Germans struggle in battle for IMF post
European disarray over who should become the head of the International Monetary Fund (IMF) grew yesterday as Germany struggled to rally support behind a new German candidate after the withdrawal of Berlin's first choice for the post.
Mr Gerhard Schroder, German Chancellor, put forward Mr Horst Kohler, president of the London-based European Bank for Reconstruction and Development, after Mr Caio Koch-Weser, a top finance ministry official, backed down following his rejection by the US and failure to win majority support within the IMF.
The finance ministry insisted Mr Kohler stood a "good chance" of being adopted as the European Union's candidate to succeed Frenchman Mr Michel Camdessus, who stepped down as IMF managing director last month.
But Mr Lamberto Dini, Italy's foreign minister, indicated Berlin was proposing the wrong people for the job. "You cannot think about managing an institution like this if you don't have a broad consensus behind you," he said.
Mr Dini said the IMF job needed to be filled by "a treasury minister, an ex-treasury minister or a former prime minister" and could not be filled by a "technician or a high functionary".
There has been strong speculation in recent days that Italy could propose Treasury Minister Mr Giuliano Amato, a figure viewed favourably in Washington for the post.

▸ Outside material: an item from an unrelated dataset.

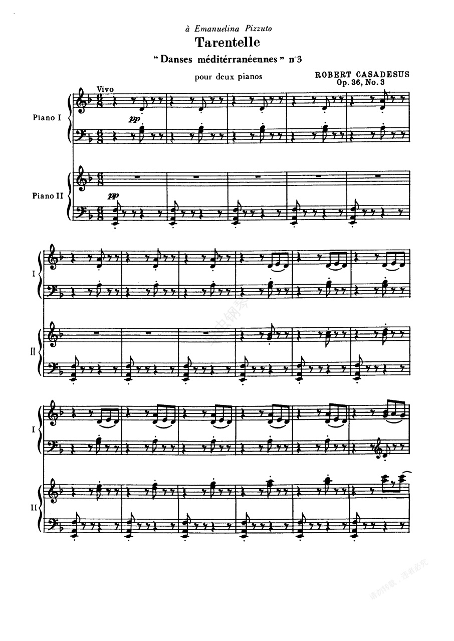 钢琴谱:3首地中海舞曲 3 Mediterranean Dances Op.36 - 双钢琴(Casadesus op36n3 Danses Mediterraneennes — Tarantelle (two pianos))

France, Germany's principal ally in the euro zone, avoided any formal endorsement of Mr Kohler. "We want this job to continue in European hands but it cannot be seen as a European sinecure by other members of the IMF," a senior French official said. "This means we must find someone who has all the right qualities to convince other IMF members the job will continue to be well done."
However, Germany's EU allies were acutely aware of the need to help Mr Schroder avoid further embarrassment over the IMF affair.